## TASK TO COMPLETE
Your answer must be the lines from the start of the records through the line with "joy, expressive, romantic", exactly as written, without the pictures.

## Saved entries

↓↓↓

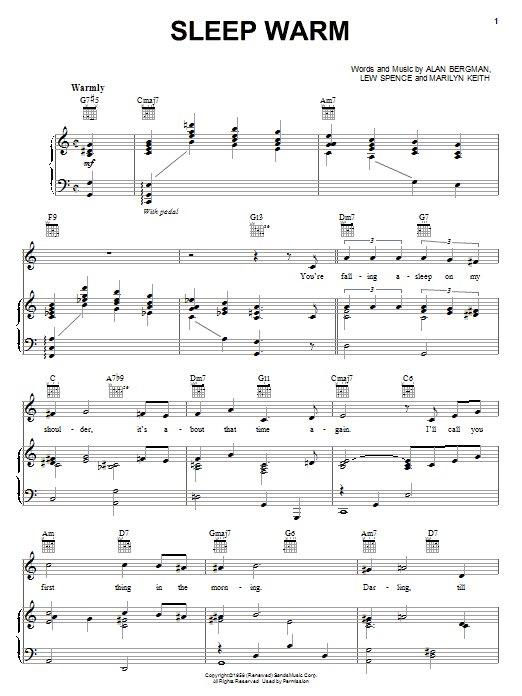 Download or print Frank Sinatra Sleep Warm sheet music, chords and digital score arranged for Piano & Vocal. This Jazz score includes 3 page(s).
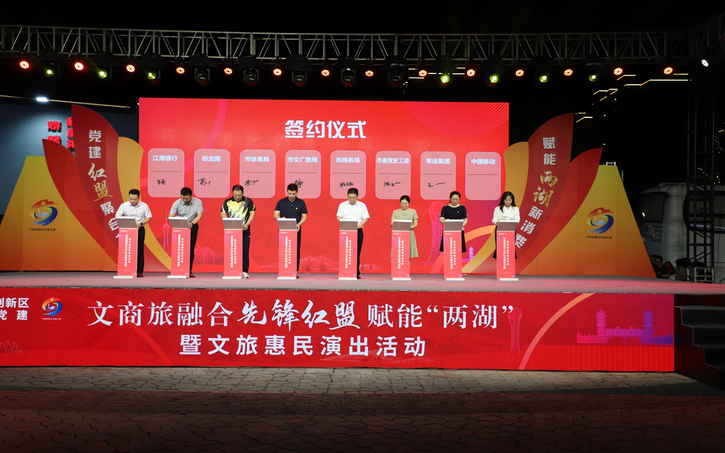 9月13日晚,“黨建紅盟聚合力、賦能兩湖新消費(fèi)”文商旅融合先鋒紅盟賦能“兩湖”暨文旅惠民演出活動(dòng)在藍(lán)海豚文化藝術(shù)街區(qū)成功舉行。市級(jí)機(jī)關(guān)工委書記趙天晟,副書記潘奕,市文廣旅局黨組書記、局長(zhǎng)嚴(yán)俊,市商務(wù)局黨組書記、局長(zhǎng)韓雪琴,市黨史工委主任柯善學(xué)等領(lǐng)導(dǎo)出席活動(dòng);金壇、武進(jìn)、鐘樓區(qū)文旅(體育)、商務(wù)、黨史部門領(lǐng)導(dǎo)及恐龍園、江南銀行、常州移動(dòng)等紅盟單位重點(diǎn)企業(yè)領(lǐng)導(dǎo)參加活動(dòng)。集團(tuán)公司黨委書記、總經(jīng)理朱平春、副總經(jīng)理黃細(xì)富等領(lǐng)導(dǎo)及街區(qū)商管公司相關(guān)人員參加活動(dòng)。
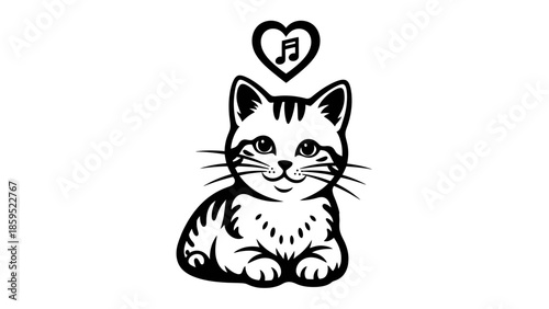 sweet, cartoon, kitten, sitting, nubes, cat, love, musical, pet, felino, cute, adorable, illustration, vector, black-and-white, drawing, doodle, graphic, design, character, happy, emotion, melody, song, harmony, feeling, isolated, studio, art, minimalist, playful, charming, childlike, innocent, lovely, friendship, kindness, music lover, animal, symbol, creative, joy, expressive, romantic
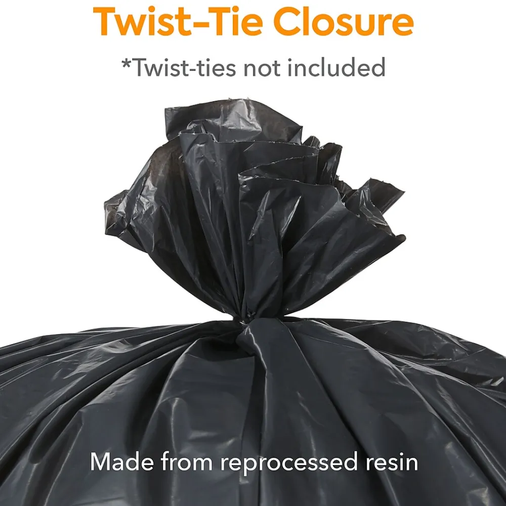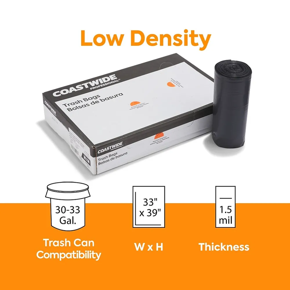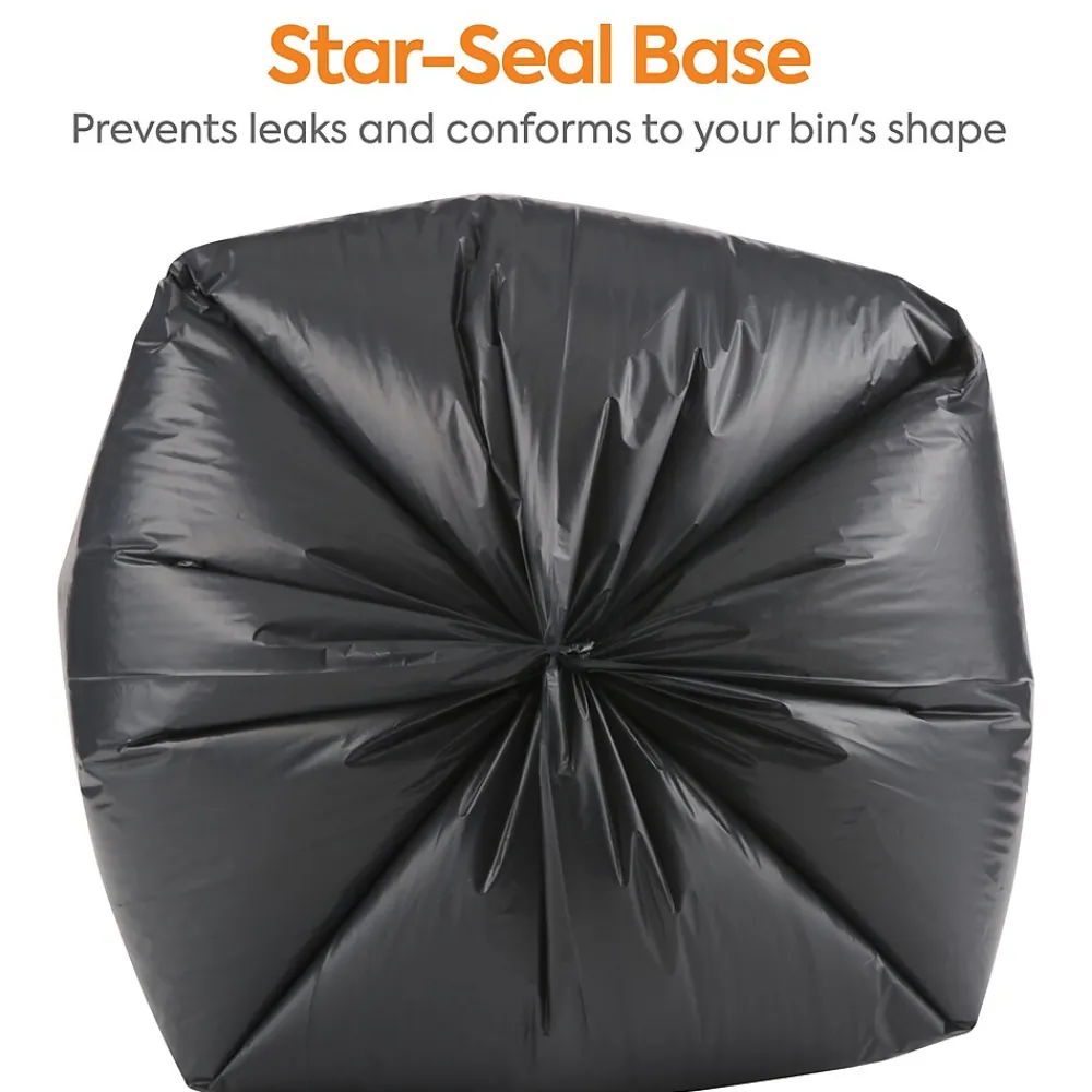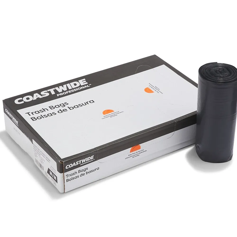 Keep your cleaning supply closet stocked with this 100-count carton of black trash bags. The dark color keeps contents discreetly hidden from sight, while the star-sealed bottom on each bag provides added protection against leaks. These Coastwide Professional™ black trash bags are crafted from low-density resin for enhanced puncture resistance, making them perfect for removing sharp objects from industrial sites.
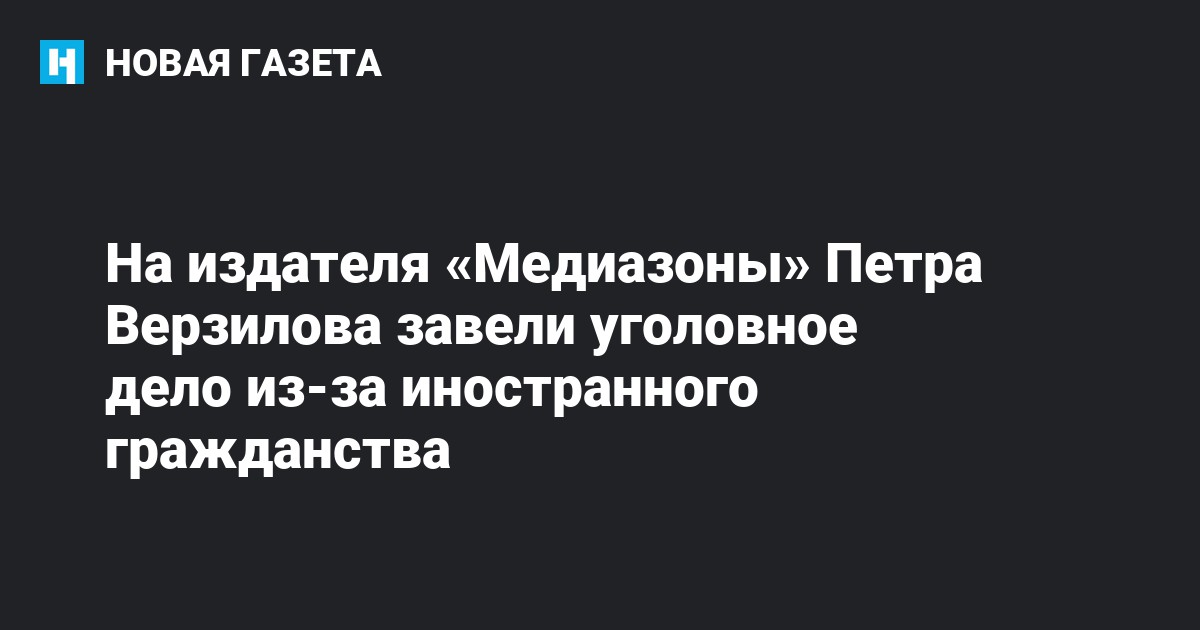 На издателя «Медиазоны» Петра Верзилова завели уголовное дело из-за отсутствия уведомления о наличии иностранного гражданства (ст. 330.2 УК), сообщил он изданию. Отец Верзилова жил в Канаде, а сам он учился там в школе, после чего получил канадский паспорт.
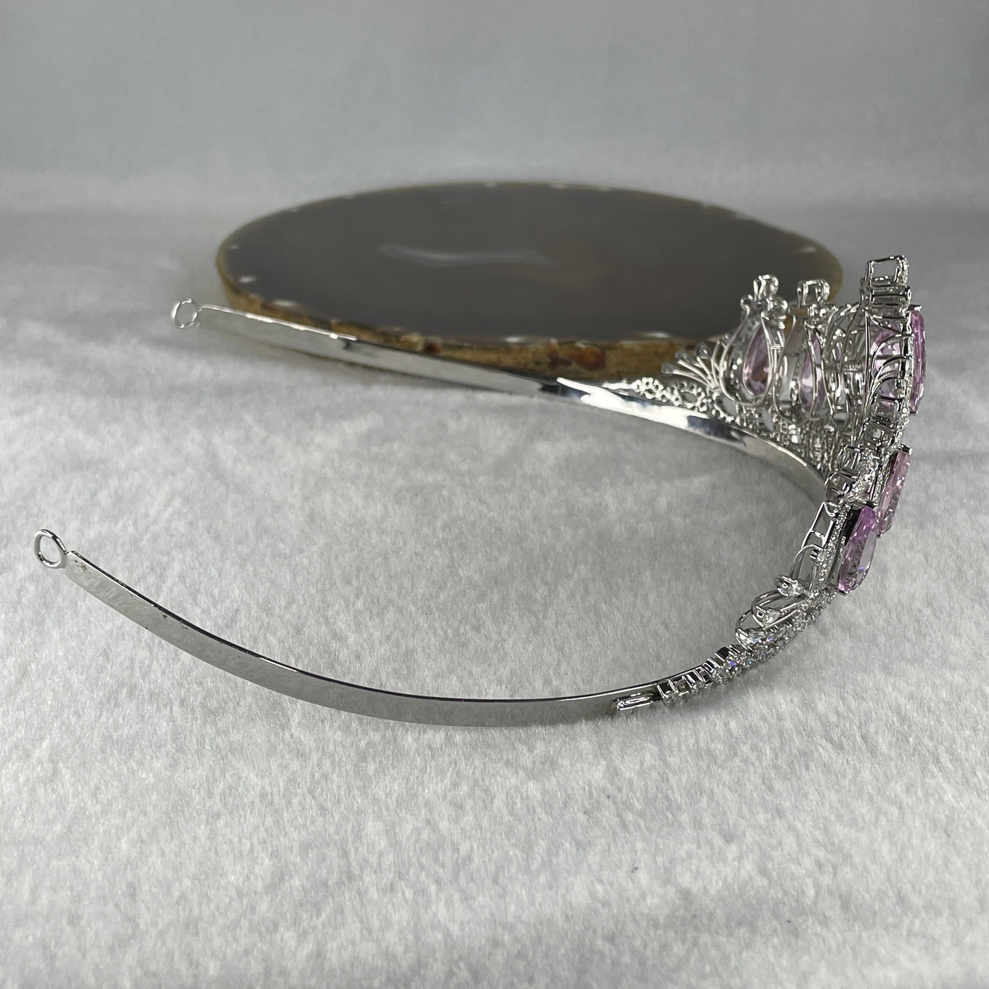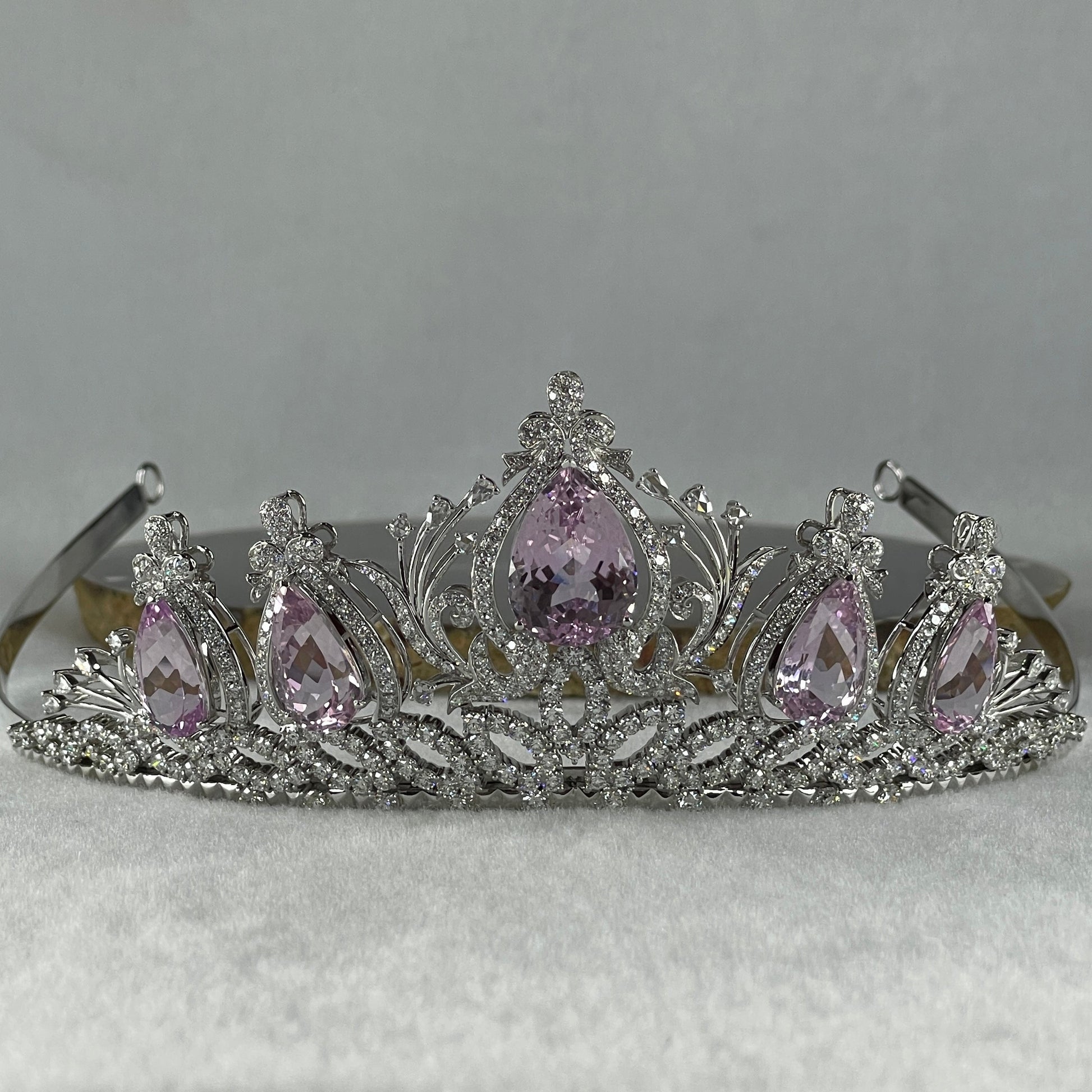 Natural Purplish Pink Kunzite 45.24cts Natural Diamonds D15.0cts in 9K White Gold 53.09g Tiara Total 64.04g

↑↑↑

## PROBLEM SOLUTION
 Download or print Frank Sinatra Sleep Warm sheet music, chords and digital score arranged for Piano & Vocal. This Jazz score includes 3 page(s).
 9月13日晚,“黨建紅盟聚合力、賦能兩湖新消費(fèi)”文商旅融合先鋒紅盟賦能“兩湖”暨文旅惠民演出活動(dòng)在藍(lán)海豚文化藝術(shù)街區(qū)成功舉行。市級(jí)機(jī)關(guān)工委書記趙天晟,副書記潘奕,市文廣旅局黨組書記、局長(zhǎng)嚴(yán)俊,市商務(wù)局黨組書記、局長(zhǎng)韓雪琴,市黨史工委主任柯善學(xué)等領(lǐng)導(dǎo)出席活動(dòng);金壇、武進(jìn)、鐘樓區(qū)文旅(體育)、商務(wù)、黨史部門領(lǐng)導(dǎo)及恐龍園、江南銀行、常州移動(dòng)等紅盟單位重點(diǎn)企業(yè)領(lǐng)導(dǎo)參加活動(dòng)。集團(tuán)公司黨委書記、總經(jīng)理朱平春、副總經(jīng)理黃細(xì)富等領(lǐng)導(dǎo)及街區(qū)商管公司相關(guān)人員參加活動(dòng)。
 sweet, cartoon, kitten, sitting, nubes, cat, love, musical, pet, felino, cute, adorable, illustration, vector, black-and-white, drawing, doodle, graphic, design, character, happy, emotion, melody, song, harmony, feeling, isolated, studio, art, minimalist, playful, charming, childlike, innocent, lovely, friendship, kindness, music lover, animal, symbol, creative, joy, expressive, romantic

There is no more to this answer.